The reversible P2Y12 inhibitor ticagrelor was compared to a placebo in phase 3 HESTIA3 research to see how well it prevented vaso-occlusive crises in young sickle cell disease (SCD) patients.
Weight-based dosages of ticagrelor or a corresponding placebo were randomly allocated 1:1 to patients between the ages of 2 and 17 years. The main outcome was the rate of vaso-occlusive crises, which is a measure of painful crises and/or acute chest syndrome (ACS). The number and length of painful crises, the number of ACS episodes, and the number of vaso-occlusive crises necessitating hospitalization or ER visits were important secondary end objectives. One of the exploratory end objectives was how ticagrelor affected platelet activation.

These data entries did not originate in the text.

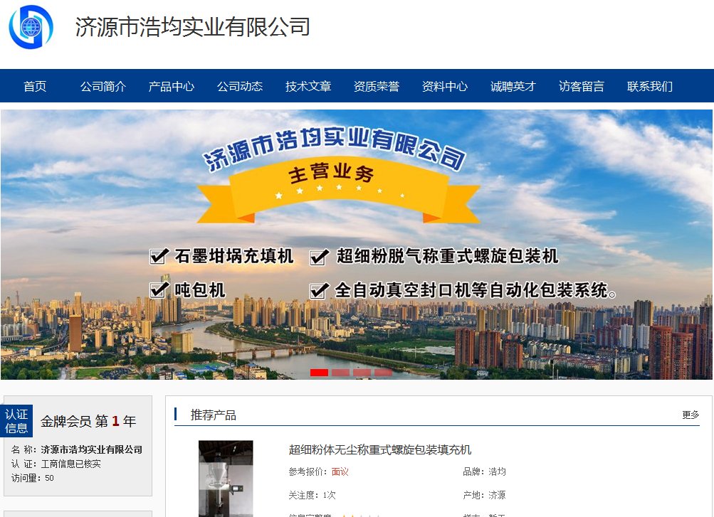 济源市浩均实业有限公司坐落于美丽的愚公故里,是一家专业致力于工业包装发展的现代化企业,专注于工业包装机械。主要产品有:超细粉脱气称重式螺旋包装机、石墨坩埚充填机、全自动给袋式大规格包装机组、饲料专用减重式计量控制系统、全自动真空封口机等自动化包装系统。
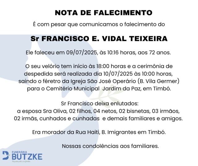 Notas de Falecimento – 09/07/2025 Julho 9, 2025 0 Por Redação Whatsapp Share Post Share Pinterest A FAMÍLIA NOSSO SENTIMENTO E CONFORTO ——————— OUTRAS NOTAS ACESSE https://bit.ly/2YDELw3 Matérias Relacionadas: Notas de Falecimento – 12/06/2025 Notas de Falecimento – 13/06/2025 Notas de Falecimento – 20/06/2025 Notas de Falecimento – 24/06/2025 Notas de Falecimento – 27/06/2025 Notas de Falecimento – 28/06/2025 Notas de Falecimento – 29/06/2025 Deputado Gilson Marques destina mais de R$ 620 mil para a saúde de Rodeio Câmara de Blumenau realiza 5ª sessão itinerante de 2025 no bairro Bom Retiro
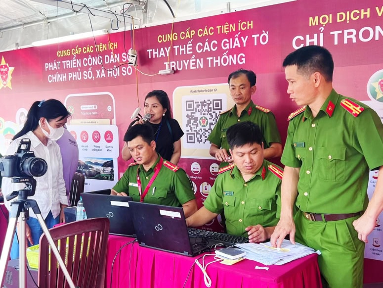 Công an tỉnh Quảng Nam cử đoàn công tác vào TP.HCM làm căn cước công dân cho bà con xa quê năm 2023 . Ảnh: C.H
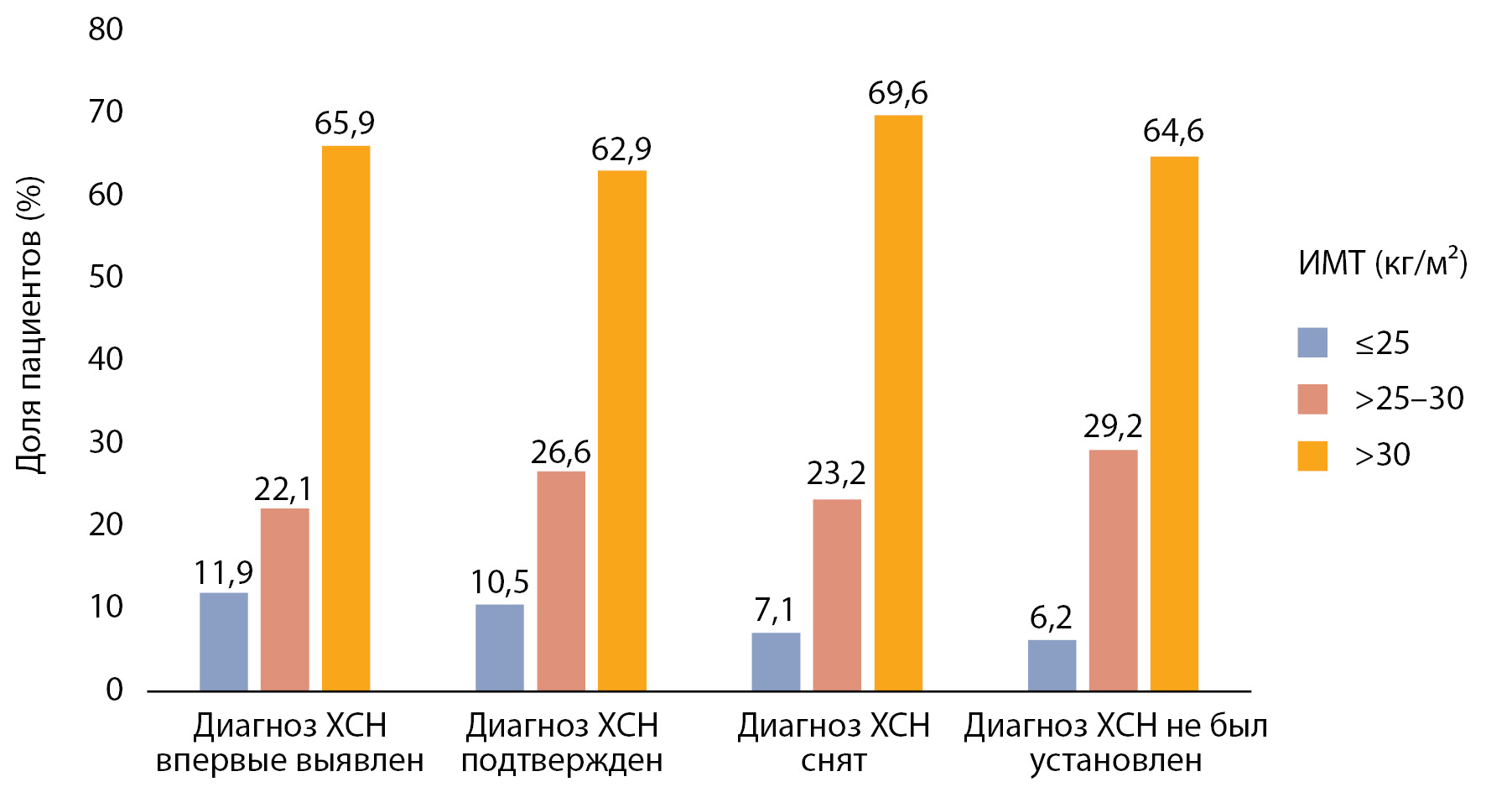 4. Рисунок 4. Доля пациентов с разными значениями индекса массы тела по подгруппам в зависимости диагноза хронической сердечной недостаточности.
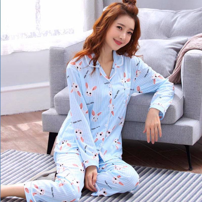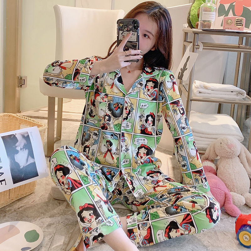 파자마 여성의 한국식 달콤한 귀여운 인터넷 트렌디 긴팔 가디건 학생 소녀의 캐주얼 세트 가정복
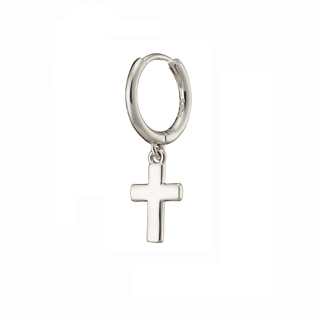 Oxzen ασημένιο σκουλαρίκι Unisex κρικάκι με σταυρό
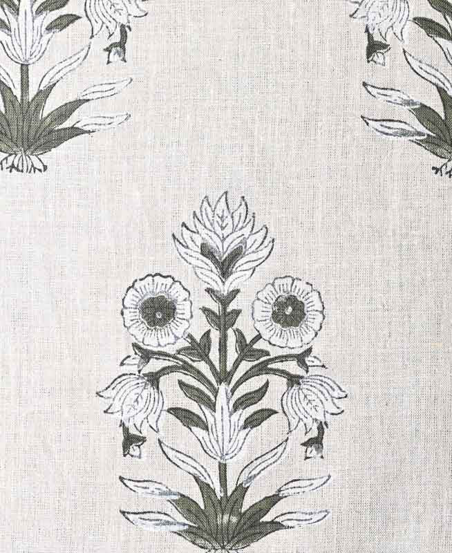 Hand-carved nature-inspired motifs unfold across this fabric in a rhythmic, repeating design. Each layer is block printed by hand using centuries-old techniques passed down through generations of artisans in India. The result is a textile rich in character—bringing softness, dimension, and a distinctly human touch to any space. Designed to layer with ease, it complements both relaxed and refined interiors.
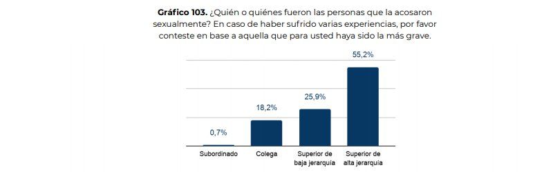 Del total de mujeres que dijeron haber sido acosadas, el 81% identificó a superiores de alta o baja jerarquía como los autores de dichos actos.
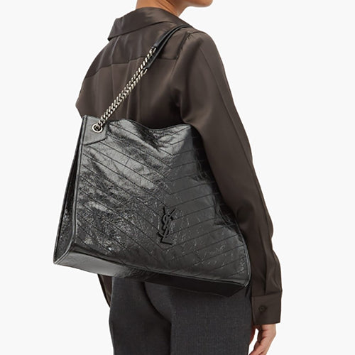 생로랑 니키 쇼핑라지 빈티지 레더 블랙
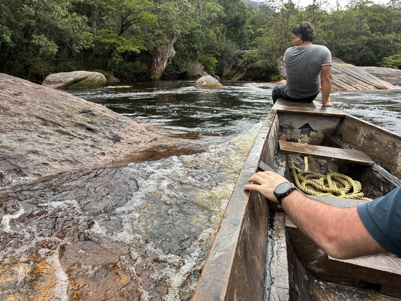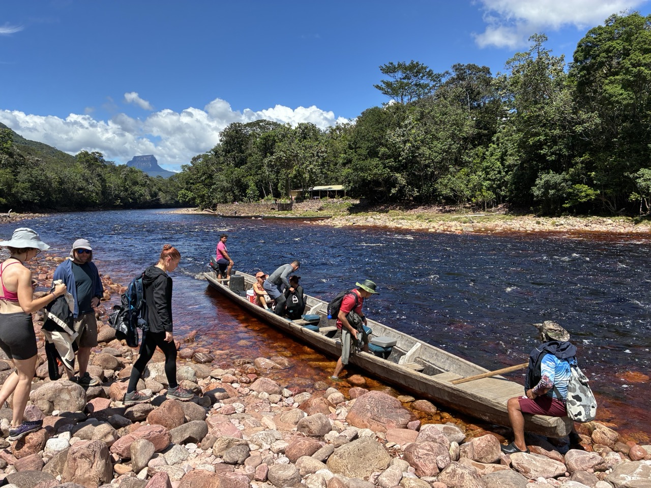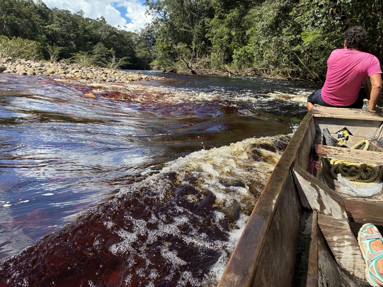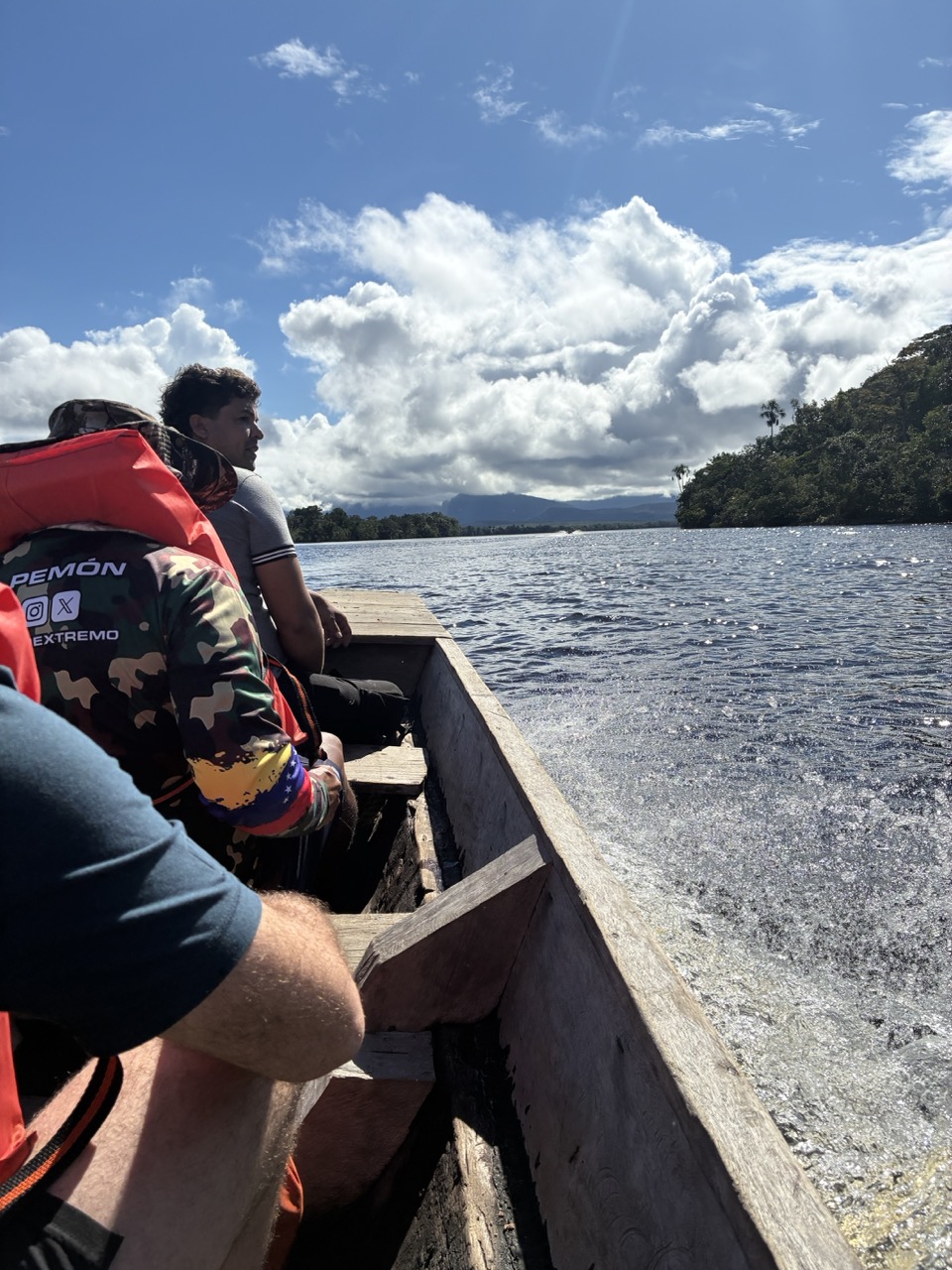 The Rio Carrao was a nice wide river and the little Yamaha 40 motors made good time for the first half an hour. We pulled into a small village and disembarked because there was a series of rapids and they wanted us out to take the boat through them. Turned out to be a kilometre walk via a local handcraft shop and past a church and a school. This was the longest of several walk arounds we had to do. There were also a few sets of rapids that we took on fully loaded. At one stop they said fat people in the back. Skinny people in the front because it was fast water and the needed the boat balanced. I was sat in the back row! I was a bit surprised at some of the rough water we went through. And how much of it I wore. Ha. If only I had known what was yet to come.
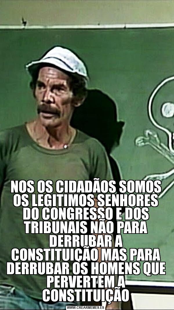 NOS OS CIDADÃOS SOMOS OS LEGITIMOS SENHORES DO CONGRESSO E DOS TRIBUNAIS NÃO PARA DERRUBAR A CONSTITUIÇÃO MAS PARA DERRUBAR OS HOMENS QUE PERVERTEM A CONSTITUIÇÃO
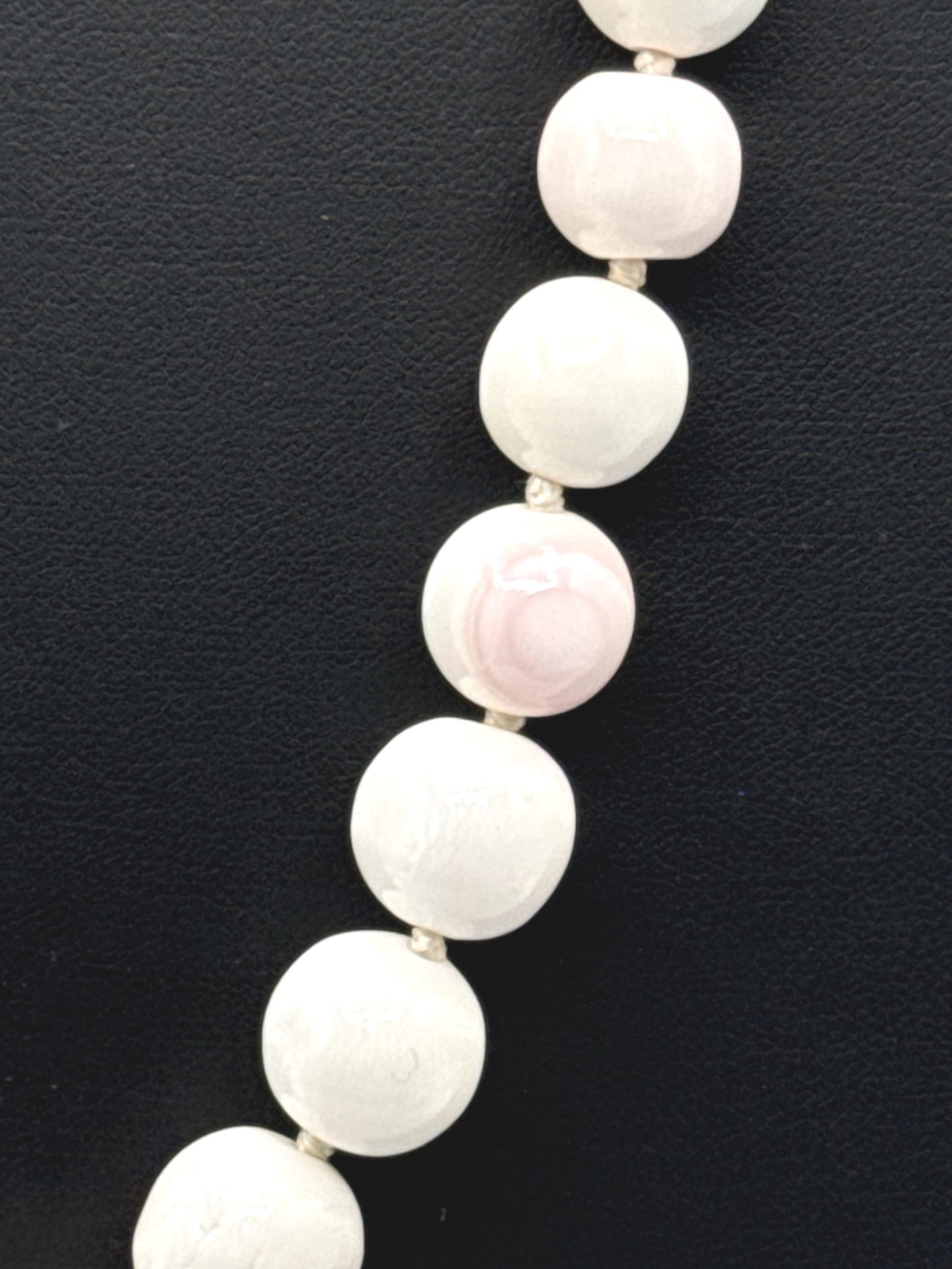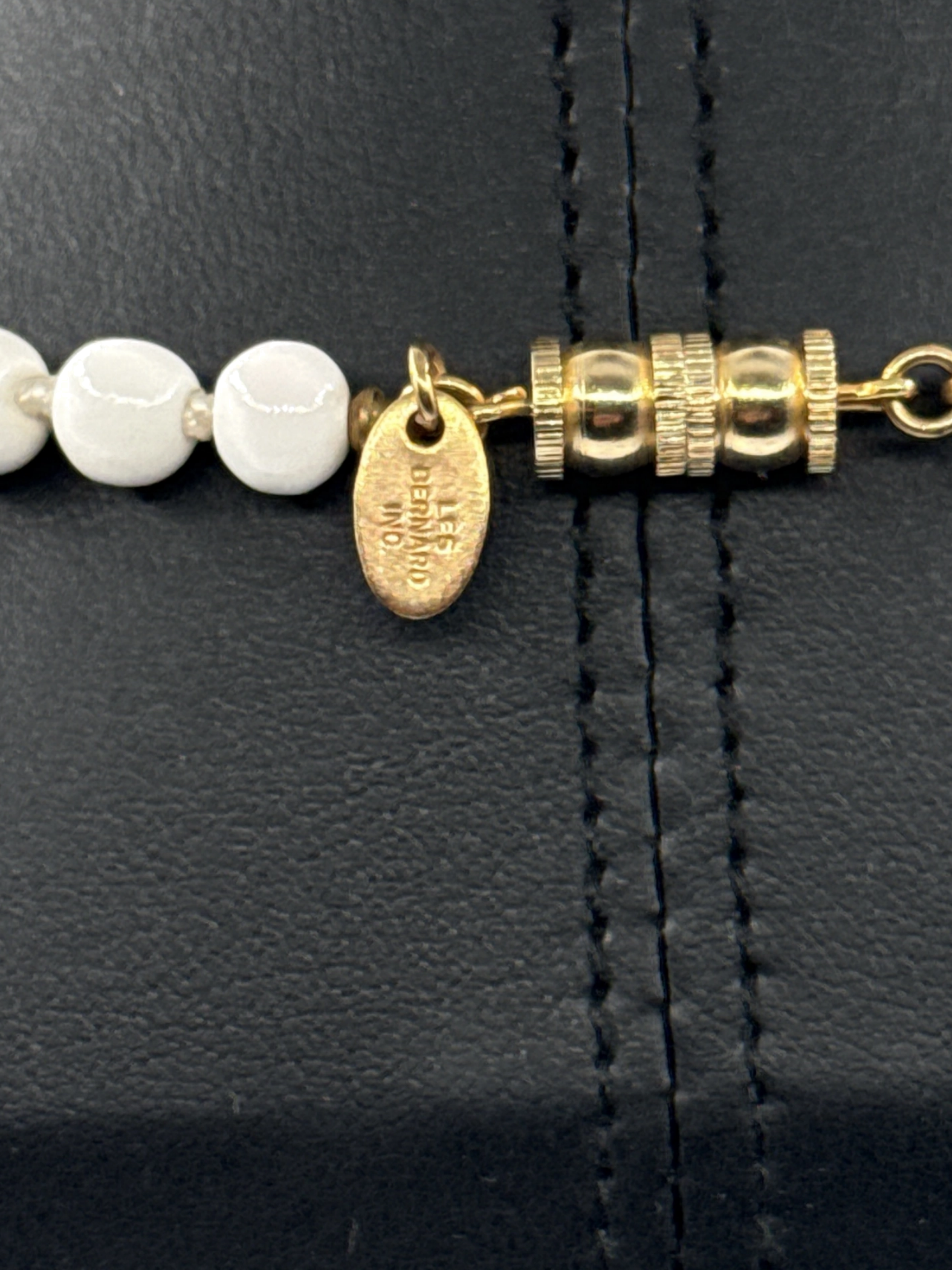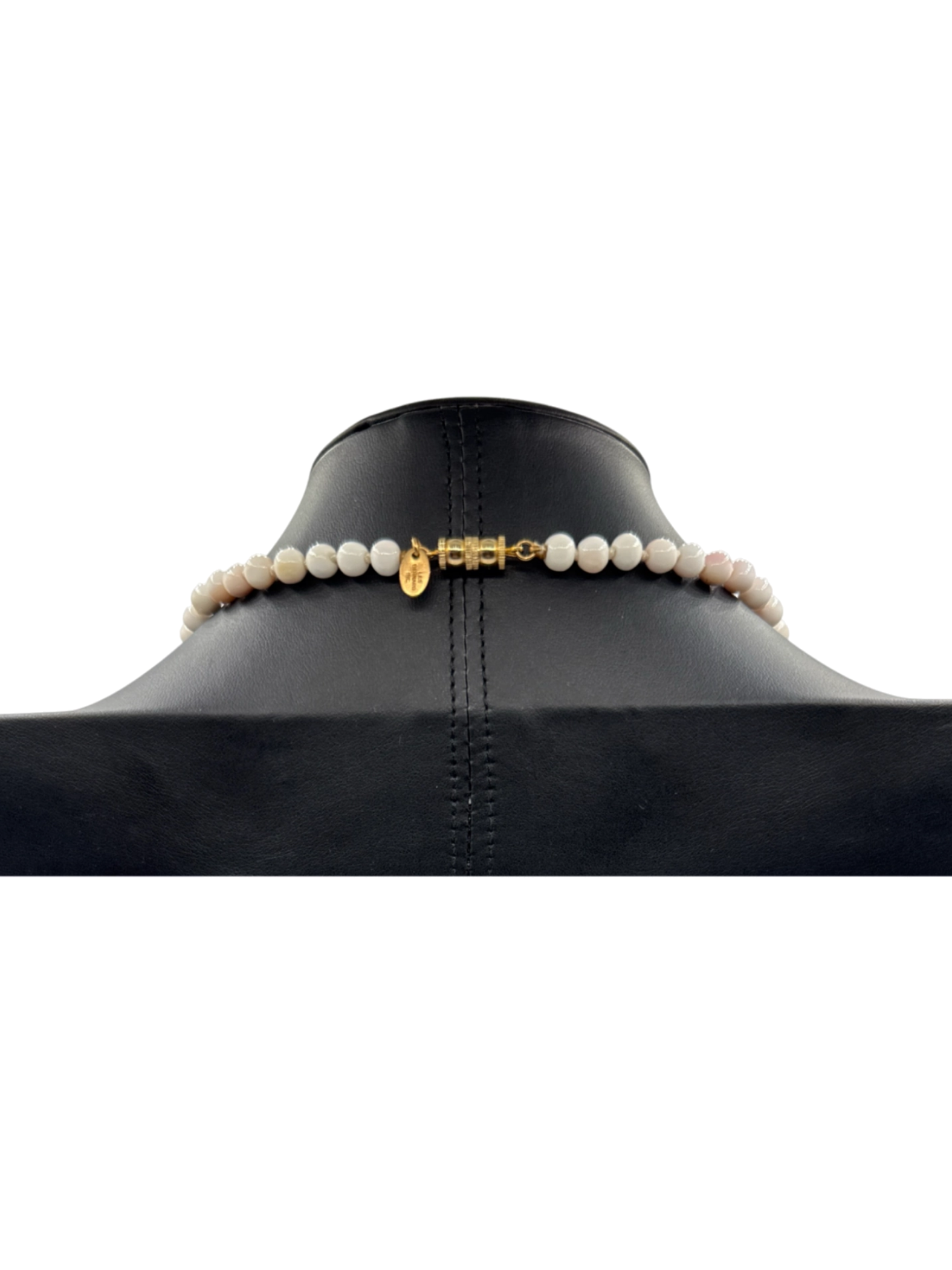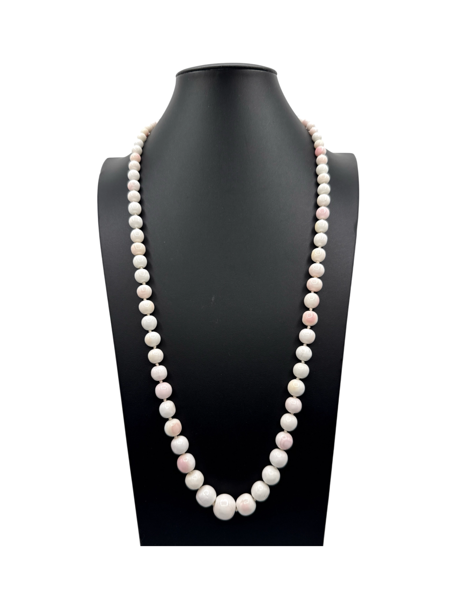 Elegant and timeless, this pre-owned Les Bernard necklace is a beautiful addition to any jewelry collection. Crafted with lustrous white and pink pearls, the necklace offers a classic and feminine look. The matinee length enhances its versatility, perfect for both everyday wear and special occasions. A gold tone metal clasp secures the piece. This piece exudes elegance and style. A perfect gift.

A total of 193 patients were randomly assigned among 51 locations in 16 different countries (ticagrelor, n = 101; placebo, n = 92). Four months before it was supposed to end, the trial was stopped for lack of effectiveness. The median number of days exposed to ticagrelor was 296.5. The estimated annual incidence of vaso-occlusive crises was 2.74 in the ticagrelor group and 2.60 in the placebo group (rate ratio, 1.06; 95% CI, 0.75-1.50; P =.7597), indicating that the primary end aim was not achieved. For secondary end objectives, there was no proof that ticagrelor was more effective than a placebo. Predose and 2-hour postdose platelet inhibition medians for ticagrelor at 6 months were 34.9% and 55.7%, respectively. At least one bleeding incident occurred in 9 (9%) of the ticagrelor patients and 8 (9%) placebo participants.
In the juvenile SCD patients, there was no difference in the number of vaso-occlusive crises between ticagrelor and placebo.